Previously, voxels in sparsely populated chunks were stored in a `HashMap`.
However, during usage oftentimes block accesses are followed by subsequent
nearby voxel accesses. Therefore it's possible to provide cache friendliness,
but not with `HashMap`.
The previous merge request [!469](https://gitlab.com/veloren/veloren/merge_requests/469)
proposed to order voxels by their morton order (see https://en.wikipedia.org/wiki/Z-order_curve ).
This provided excellent cache friendliness. However, benchmarks showed that
the required indexing calculations are quite expensive. Particular results
on my _Intel(R) Core(TM) i7-7500U CPU @ 2.70 GHz_ were:
| Benchmark | Before this commit @ d322384bec | Morton Order @ ec8a7caf42 | This commit |
| ---------------------------------------- | --------------------------------- | --------------------------- | -------------------- |
| `full read` (81920 voxels) | 17.7ns per voxel | 8.9ns per voxel | **3.6ns** per voxel |
| `constrained read` (4913 voxels) | 67.0ns per voxel | 40.1ns per voxel | **14.1ns** per voxel |
| `local read` (125 voxels) | 17.5ns per voxel | 14.7ns per voxel | **3.8ns** per voxel |
| `X-direction read` (17 voxels) | 17.8ns per voxel | 25.9ns per voxel | **4.2ns** per voxel |
| `Y-direction read` (17 voxels) | 18.4ns per voxel | 33.3ns per voxel | **4.5ns** per voxel |
| `Z-direction read` (17 voxels) | 18.6ns per voxel | 38.2ns per voxel | **5.4ns** per voxel |
| `long Z-direction read` (65 voxels) | 18.0ns per voxel | 37.7ns per voxel | **5.1ns** per voxel |
| `full write (dense)` (81920 voxels) | 17.9ns per voxel | **10.3ns** per voxel | 12.4ns per voxel |
This commit (instead of utilizing morton order) replaces `HashMap` in the
`Chunk` implementation by the following data structure:
The volume is spatially subdivided into groups of `4*4*4` blocks. Since a
`Chunk` is of total size `32*32*16`, this implies that there are `8*8*4`
groups. (These numbers are generic in the actual code such that there are
always `256` groups. I.e. the group size is chosen depending on the desired
total size of the `Chunk`.)
There's a single vector `self.vox` which consecutively stores these groups.
Each group might or might not be contained in `self.vox`. A group that is
not contained represents that the full group consists only of `self.default`
voxels. This saves a lot of memory because oftentimes a `Chunk` consists of
either a lot of air or a lot of stone.
To track whether a group is contained in `self.vox`, there's an index buffer
`self.indices : [u8; 256]`. It contains for each group
* (a) the order in which it has been inserted into `self.vox`, if the group
is contained in `self.vox` or
* (b) 255, otherwise. That case represents that the whole group consists
only of `self.default` voxels.
(Note that 255 is a valid insertion order for case (a) only if `self.vox` is
full and then no other group has the index 255. Therefore there's no
ambiguity.)
Rationale:
The index buffer should be small because:
* Small size increases the probability that it will always be in cache.

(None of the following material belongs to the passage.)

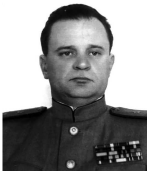
Генерал-лейтенант П.И. Ивашутин

В соответствии со стратегическим планом «Барбаросса» Гитлер и германский генералитет рассчитывали, что стратегическая цель — оккупация европейской части Советского Союза будет достигнута не позднее октября 1941 г.
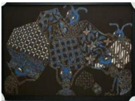
Gambar 3. Berbagi 1, kain primis, 50 cm x 80 cm, 2019

* The index buffer is allocated for every `Chunk` and an almost empty `Chunk`
shall not consume too much memory.
The number of 256 groups is particularly nice because it means that the index
buffer can consist of `u8`s. This keeps the space requirement for the index
buffer as low as 4 cache lines.
See the doc comments in `common/src/vol.rs` for more information on
the API itself.
The changes include:
* Consistent `Err`/`Error` naming.
* Types are named `...Error`.
* `enum` variants are named `...Err`.
* Rename `VolMap{2d, 3d}` -> `VolGrid{2d, 3d}`. This is in preparation
to an upcoming change where a “map” in the game related sense will
be added.
* Add volume iterators. There are two types of them:
* _Position_ iterators obtained from the trait `IntoPosIterator`
using the method
`fn pos_iter(self, lower_bound: Vec3<i32>, upper_bound: Vec3<i32>) -> ...`
which returns an iterator over `Vec3<i32>`.
* _Volume_ iterators obtained from the trait `IntoVolIterator`
using the method
`fn vol_iter(self, lower_bound: Vec3<i32>, upper_bound: Vec3<i32>) -> ...`
which returns an iterator over `(Vec3<i32>, &Self::Vox)`.

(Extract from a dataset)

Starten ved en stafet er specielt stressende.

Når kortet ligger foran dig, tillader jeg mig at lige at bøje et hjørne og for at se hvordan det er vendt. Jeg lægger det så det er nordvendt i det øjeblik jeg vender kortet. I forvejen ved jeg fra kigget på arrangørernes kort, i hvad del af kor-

Those traits will usually be implemented by references to volume
types (i.e. `impl IntoVolIterator<'a> for &'a T` where `T` is some
type which usually implements several volume traits, such as `Chunk`).
* _Position_ iterators iterate over the positions valid for that
volume.
* _Volume_ iterators do the same but return not only the position
but also the voxel at that position, in each iteration.
* Introduce trait `RectSizedVol` for the use case which we have with
`Chonk`: A `Chonk` is sized only in x and y direction.
* Introduce traits `RasterableVol`, `RectRasterableVol`
* `RasterableVol` represents a volume that is compile-time sized and has
its lower bound at `(0, 0, 0)`. The name `RasterableVol` was chosen
because such a volume can be used with `VolGrid3d`.
* `RectRasterableVol` represents a volume that is compile-time sized at
least in x and y direction and has its lower bound at `(0, 0, z)`.
There's no requirement on he lower bound or size in z direction.
The name `RectRasterableVol` was chosen because such a volume can be
used with `VolGrid2d`.